Forum: Ruby Scrapping data from a webpage where the data is loaded dynamically

249c7fd851c5c5ac5a1abdb756472ae1?d=identicon&s=25 Arup Rakshit (my-ruby)
on 2014-02-06 13:06
Hi

I was parsing one web page, where data are loaded dynamically when a
search criterion are given, but no change has been seen in the browser
url, it is still then "https://www.kleyntrucks.com/trucks/tractorunit/".
Thus below code is not helpful to get the right data, as per the search
criterion. Suppose I set the the search field "Matriculation year" as
2003 to 2005, and then if you look at the url, you still would see that
url is "https://www.kleyntrucks.com/trucks/tractorunit/". Thus the
results are not coming as I am thinking to code.

How can I handle this situation ?

require 'open-uri'
doc =
Nokogiri::HTML(open("https://www.kleyntrucks.com/trucks/tractorunit/"))

On the other hand - the
website(http://www.flipkart.com/mobiles/samsung~brand/pr?s...)
seems good. Now suppose I want to scrap the page, when **Price** has
been selected between **5001-10000**, then I would get also its
equivalent url from the browser -
(http://www.flipkart.com/mobiles/samsung~brand/pr?p...).


Accordingly I can use this url in below, then all my code will get
correct data :

require 'open-uri'
doc =
Nokogiri::HTML(open(http://www.flipkart.com/mobiles/samsung~brand/pr?p...))

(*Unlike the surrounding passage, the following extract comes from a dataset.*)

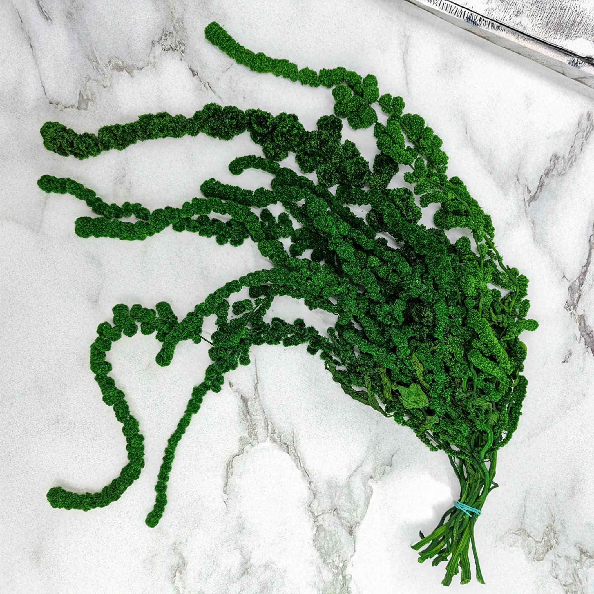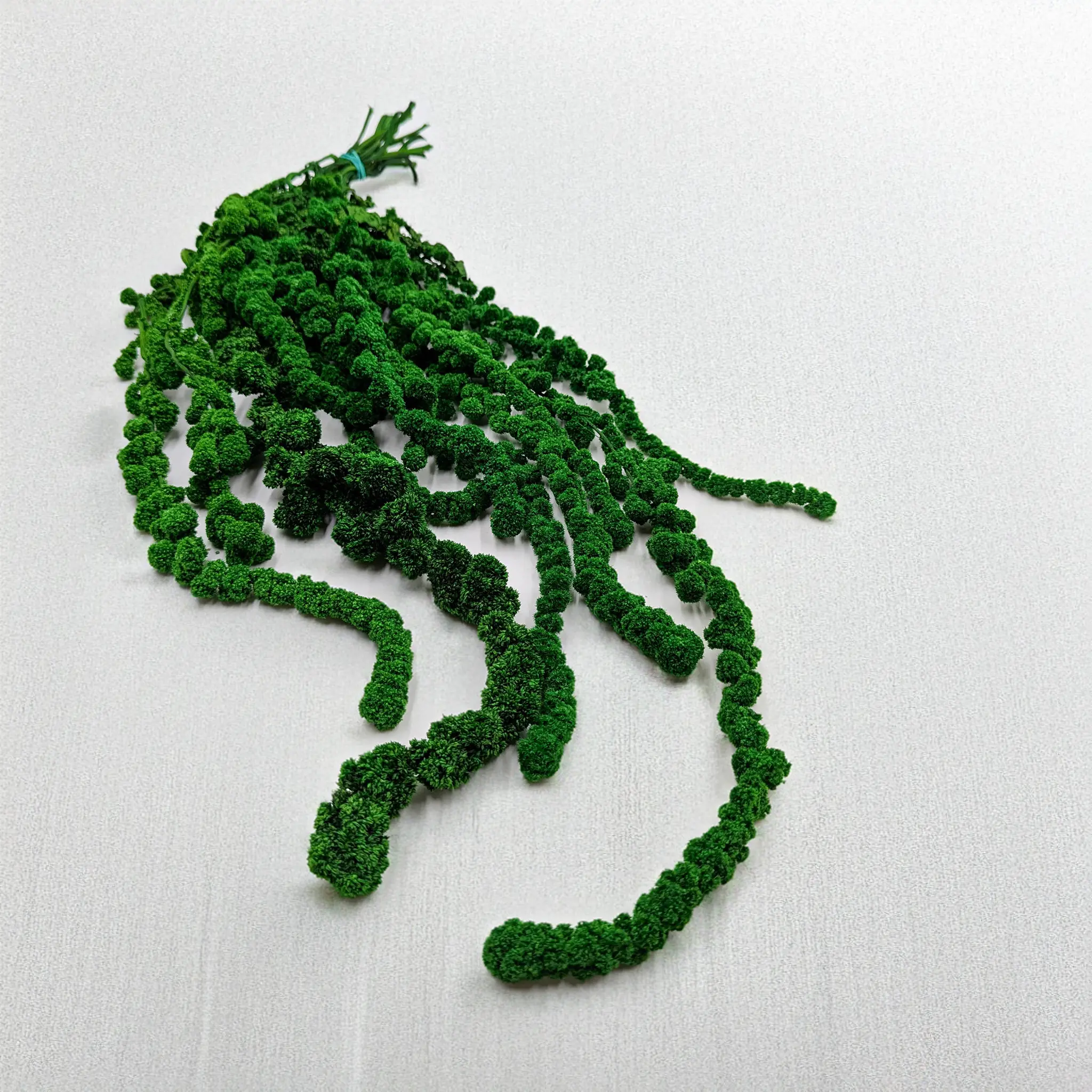 Stabilizowany amarantus kulisty w głębokim, naturalnym odcieniu zieleni to nietuzinkowa propozycja do eleganckich i nowoczesnych aranżacji. Dzięki procesowi stabilizacji roślina zachowuje swój pierwotny wygląd przez wiele miesięcy – bez konieczności pielęgnacji, podlewania czy przycinania.

How to then proceed with the first
case(https://www.kleyntrucks.com/trucks/tractorunit/) ? Is there anyway
?
4b3702fbad380c523f32eafb18d42d8e?d=identicon&s=25 unknown (Guest)
on 2014-02-06 13:19
(Received via mailing list)
you could use mechanize which will allow you to click buttons, fill
forms etc. prior to parsing:
http://mechanize.rubyforge.org/GUIDE_rdoc.html

or if javascript support is required you could use watir to load your
page before parsing with nokogiri:
http://watirwebdriver.com/
920f6e4a0fbf997d851455f827a10ebc?d=identicon&s=25 unknown (Guest)
on 2014-02-06 13:48
(Received via mailing list)
>
> How can I handle this situation ?
>
> require 'open-uri'
> doc =
> Nokogiri::HTML(open("https://www.kleyntrucks.com/trucks/tractorunit/"))
>
> On the other hand - the
> website(
http://www.flipkart.com/mobiles/samsung~brand/pr?s...
)
> seems good. Now suppose I want to scrap the page, when **Price** has
> been selected between **5001-10000**, then I would get also its
> equivalent url from the browser -
> (http://www.flipkart.com/mobiles/samsung~brand/pr?p
[]=facets.price_range%255B%255D%3DRs.%2B5001%2B-%2BRs.%2B10000&p[]=sort%3Dfeatured&sid=tyy%2C4io&ref=3de01d19-4e68-4ba9-9b3f-9c43497931b0).
>
>
> Accordingly I can use this url in below, then all my code will get
> correct data :
>
> require 'open-uri'
> doc =
> Nokogiri::HTML(open(http://www.flipkart.com/mobiles/samsung~brand/pr?p
[]=facets.price_range%255B%255D%3DRs.%2B5001%2B-%2BRs.%2B10000&p[]=sort%3Dfeatured&sid=tyy%2C4io&ref=3de01d19-4e68-4ba9-9b3f-9c43497931b0))
>
> How to then proceed with the first
> case(https://www.kleyntrucks.com/trucks/tractorunit/) ? Is there anyway
> ?
>
> --
> Posted via http://www.ruby-forum.com/.
>

My first thought is that you are going to have to open the browser,
interact with the page, and then grab the html source.
I would use watir-webdriver but there are other options.

here is an example:


require 'watir-webdriver'

@browser = Watir::Browser.new :chrome
@browser.goto 'https://www.kleyntrucks.com/trucks/tractorunit/'

sleep 2
xpath_matriculation_year = '//*[@id="imprp0"]/div[1]'
@browser.div(xpath: xpath_matriculation_year).click

xpath_beginning_year =
'//*[@id="imprp0"]/div[2]/div/div[5]/div[1]/input'
@browser.text_field(xpath: xpath_beginning_year).set 2003

xpath_ending_year = '//*[@id="imprp0"]/div[2]/div/div[5]/div[2]/input'
@browser.text_field(xpath: xpath_ending_year).set 2005

# odd, but needed or the page refresh resets the value of a field you
set
if you don't leave the field
@browser.text_field(xpath: xpath_beginning_year).click

sleep 5
page_html =  @browser.html

^ then use the page_html in nokogiri

Michael
249c7fd851c5c5ac5a1abdb756472ae1?d=identicon&s=25 Arup Rakshit (my-ruby)
on 2014-02-06 14:37
unknown wrote in post #1135823:
>>
>> How can I handle this situation ?
>>

>> Posted via http://www.ruby-forum.com/.
>>
>
> My first thought is that you are going to have to open the browser,
> interact with the page, and then grab the html source.
> I would use watir-webdriver but there are other options.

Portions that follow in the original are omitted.